The interest rates for retail investors on 10-, 15- and 20-year tax-free bonds stand at 8.51, 8.88 and 9.01 per cent, respectively. Interest will be paid annually.
15- and 20-year options ideal
Investors can lock into the 15- or 20-year option as the rates are among the best one can get on fixed income options now. The tax-free nature of the interest income beats the returns offered by the closest competitor, a 10-year bank fixed deposit. The 9 per cent return offered on most such fixed deposits currently, diminishes to 8.35, 7.39 and 6.43 per cent for those in the 10, 20 and 30 per cent tax brackets, respectively (considering quarterly compounding and interest payout option).
Besides, yields on 10-year Government securities, to which the interest rates on tax-free bonds are linked, have crossed the 9 per cent mark only thrice in the last decade. While there could be another rate hike in January, the pause in the December policy meet indicates that the RBI is also taking the slowing economic growth into consideration in its policy rate decisions. So, a rate hike may not be a matter of course.
Also, with the market already factoring in an expected hike in January, the returns being offered by NHB may not be replicated in future issues. For example, similar ‘AAA’ rated tax-free bonds from the Indian Railway Finance Corporation, opening on January 6, offer slightly lower rates than NHB.
Timing the peak of the rate cycle is no easy task, and the returns on the NHB bonds seem to be as close to the peak as they can get.
HUDCO, whose tax-free bond issue is also open now, offers the same 9.01 per cent on the 20-year option. But the company’s bonds are rated ‘AA’, a notch lower than NHB’s bonds, making the latter a better choice.
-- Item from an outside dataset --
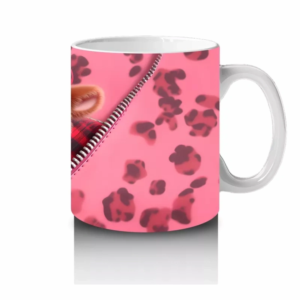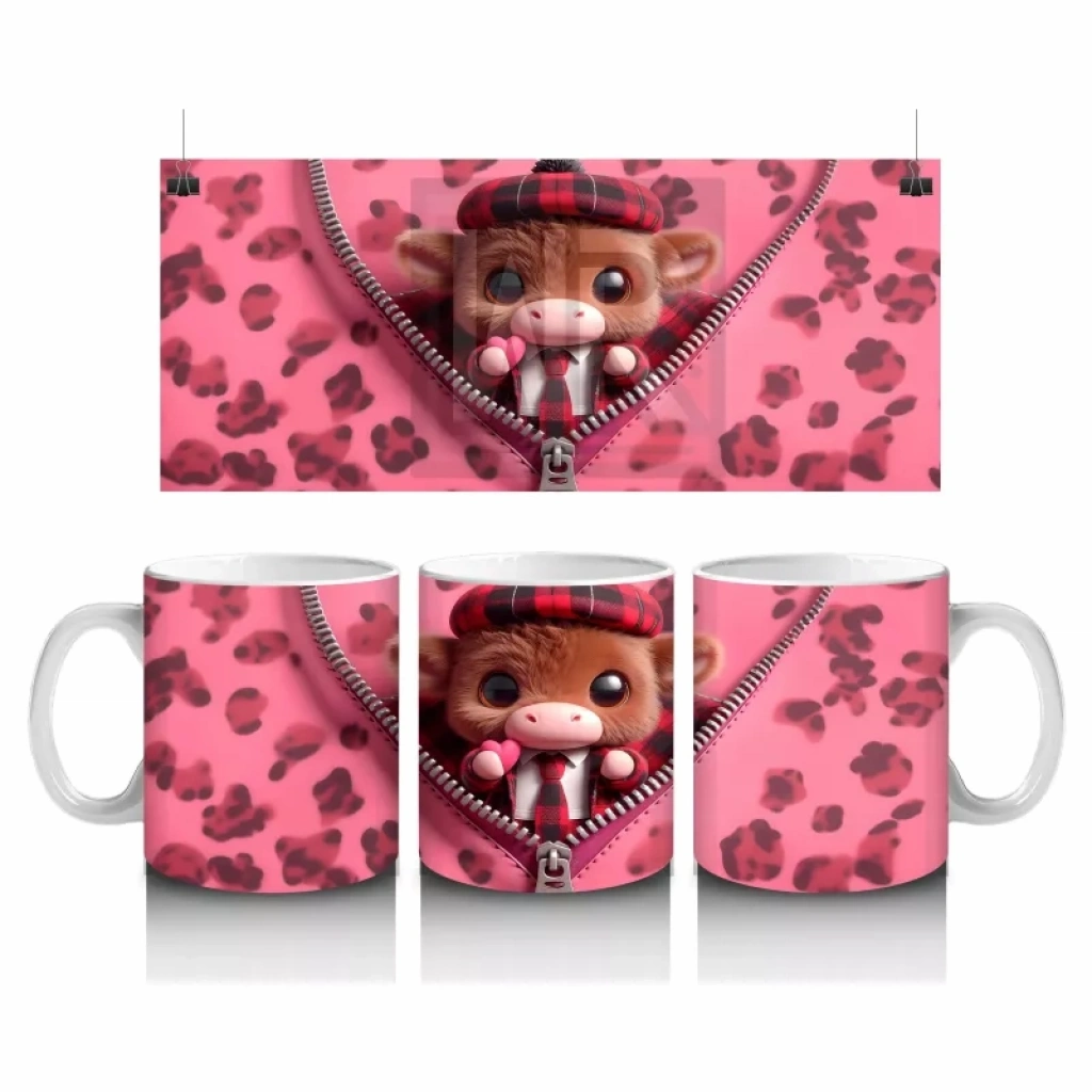 Fermuarlı Kalpli Fon Üzerinde Tatlı Buzağı – Baskılı Kahve Kupası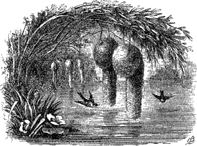 Of ook, lettende op hun groote voeten, zoo dicht aan het lichaam, op hun korten hals geplaatst op een grooten cylindervormigen romp, en hun afgeplatten kop, zoo zou men hen haast beschouwen als maagschap van de robben, van wie zij echter niet de intelligentie hebben, maar wèl den goeden aard.

Before investing in the NHB bonds, keep aside money for your public provident fund (PPF), a better investment option which not only gives tax-free returns (8.7 per cent currently) but also tax deduction on investment up to Rs 1 lakh a year. It is a good idea to re-invest the annual interest you get on the tax-free bonds in your PPF. This will help you build a good tax-free corpus for long-term goals.